### Recorded data
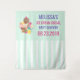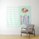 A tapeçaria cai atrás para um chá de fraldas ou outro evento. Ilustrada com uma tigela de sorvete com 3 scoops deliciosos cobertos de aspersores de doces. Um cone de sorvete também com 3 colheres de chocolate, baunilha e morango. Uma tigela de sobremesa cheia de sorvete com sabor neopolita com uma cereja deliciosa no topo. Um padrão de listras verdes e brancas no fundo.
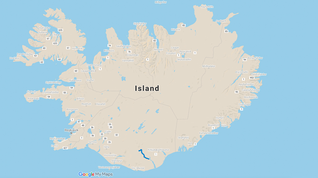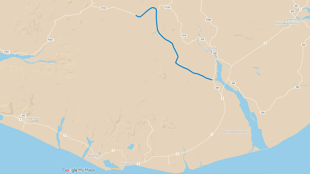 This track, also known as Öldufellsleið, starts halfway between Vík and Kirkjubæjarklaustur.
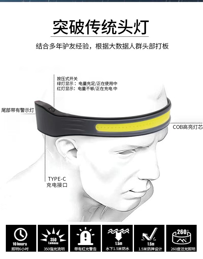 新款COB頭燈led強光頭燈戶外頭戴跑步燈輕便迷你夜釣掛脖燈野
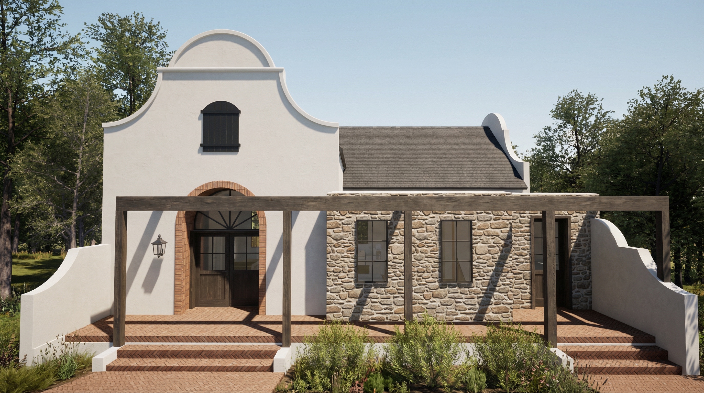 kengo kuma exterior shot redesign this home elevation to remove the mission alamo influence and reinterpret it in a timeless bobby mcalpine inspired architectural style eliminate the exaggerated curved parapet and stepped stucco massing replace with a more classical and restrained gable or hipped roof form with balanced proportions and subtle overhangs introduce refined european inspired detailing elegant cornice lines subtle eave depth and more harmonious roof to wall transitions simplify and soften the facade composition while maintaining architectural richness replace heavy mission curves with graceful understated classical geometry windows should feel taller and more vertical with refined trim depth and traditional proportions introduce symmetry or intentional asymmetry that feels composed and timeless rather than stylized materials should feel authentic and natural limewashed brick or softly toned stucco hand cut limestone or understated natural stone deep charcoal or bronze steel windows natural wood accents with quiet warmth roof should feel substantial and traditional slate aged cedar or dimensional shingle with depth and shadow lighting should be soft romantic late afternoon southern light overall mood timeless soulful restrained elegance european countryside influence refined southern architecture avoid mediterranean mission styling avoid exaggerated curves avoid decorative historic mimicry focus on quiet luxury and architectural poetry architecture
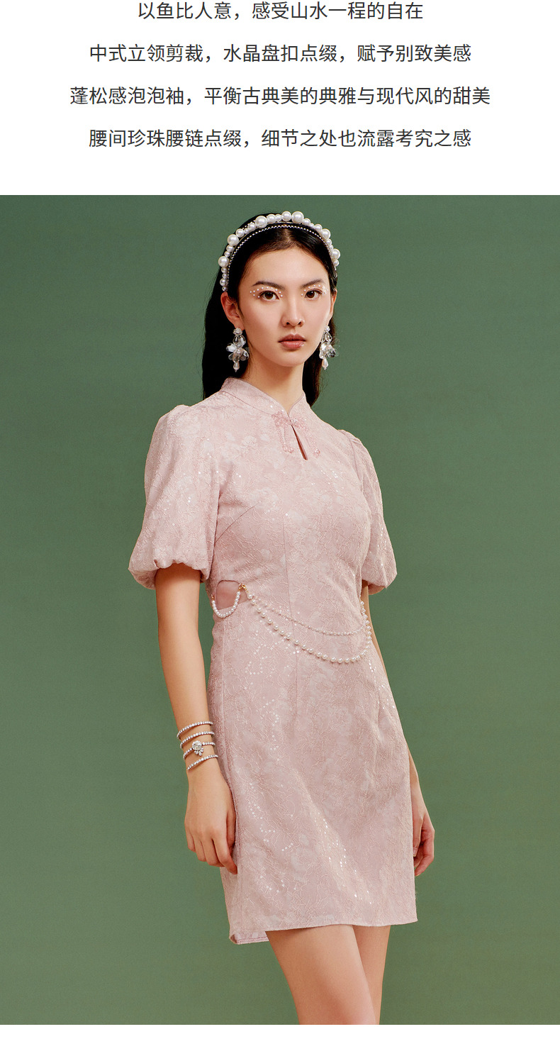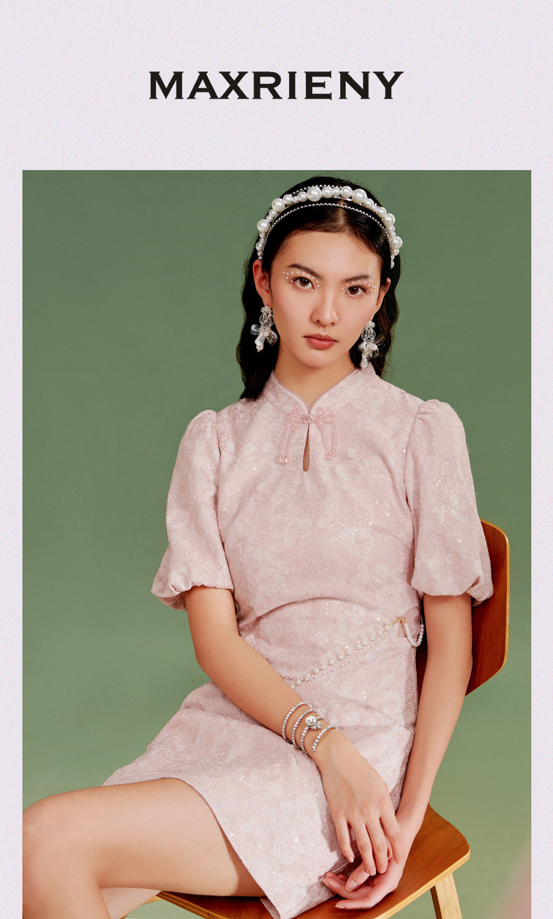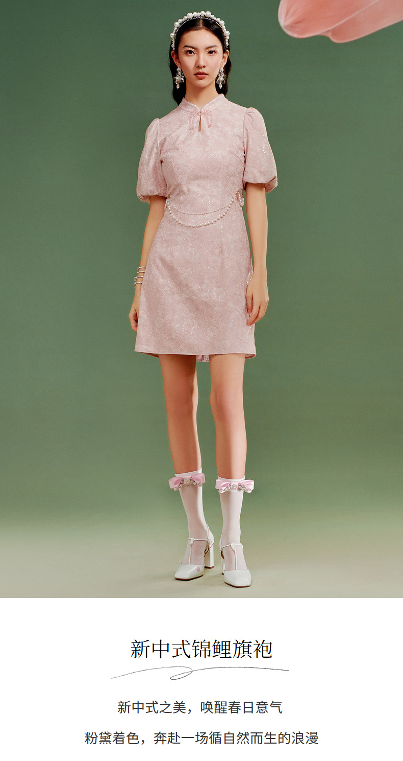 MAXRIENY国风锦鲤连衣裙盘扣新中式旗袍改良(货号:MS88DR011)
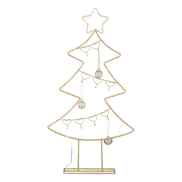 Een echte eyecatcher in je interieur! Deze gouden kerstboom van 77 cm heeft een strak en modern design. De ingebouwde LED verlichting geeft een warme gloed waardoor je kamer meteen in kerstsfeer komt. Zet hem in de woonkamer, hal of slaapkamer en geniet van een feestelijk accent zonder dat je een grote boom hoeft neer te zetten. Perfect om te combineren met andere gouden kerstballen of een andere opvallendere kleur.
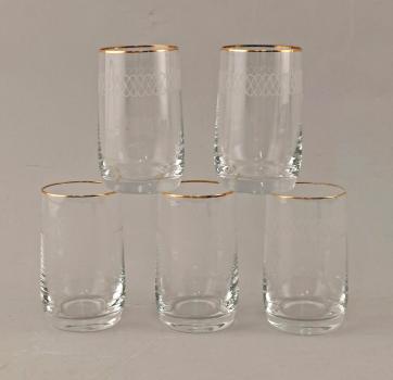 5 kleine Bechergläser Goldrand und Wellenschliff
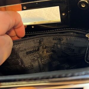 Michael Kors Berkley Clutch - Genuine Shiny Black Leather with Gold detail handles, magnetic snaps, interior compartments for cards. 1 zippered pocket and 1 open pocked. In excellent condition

### Task brief
Transcribe only the lines above that start at the line containing "MAXRIENY国风锦鲤连衣裙盘扣新中式旗袍改良(货号:MS88DR011)" and end at the line containing "5 kleine Bechergläser". Omit pictures.

### Response
 MAXRIENY国风锦鲤连衣裙盘扣新中式旗袍改良(货号:MS88DR011)
 Een echte eyecatcher in je interieur! Deze gouden kerstboom van 77 cm heeft een strak en modern design. De ingebouwde LED verlichting geeft een warme gloed waardoor je kamer meteen in kerstsfeer komt. Zet hem in de woonkamer, hal of slaapkamer en geniet van een feestelijk accent zonder dat je een grote boom hoeft neer te zetten. Perfect om te combineren met andere gouden kerstballen of een andere opvallendere kleur.
 5 kleine Bechergläser Goldrand und Wellenschliff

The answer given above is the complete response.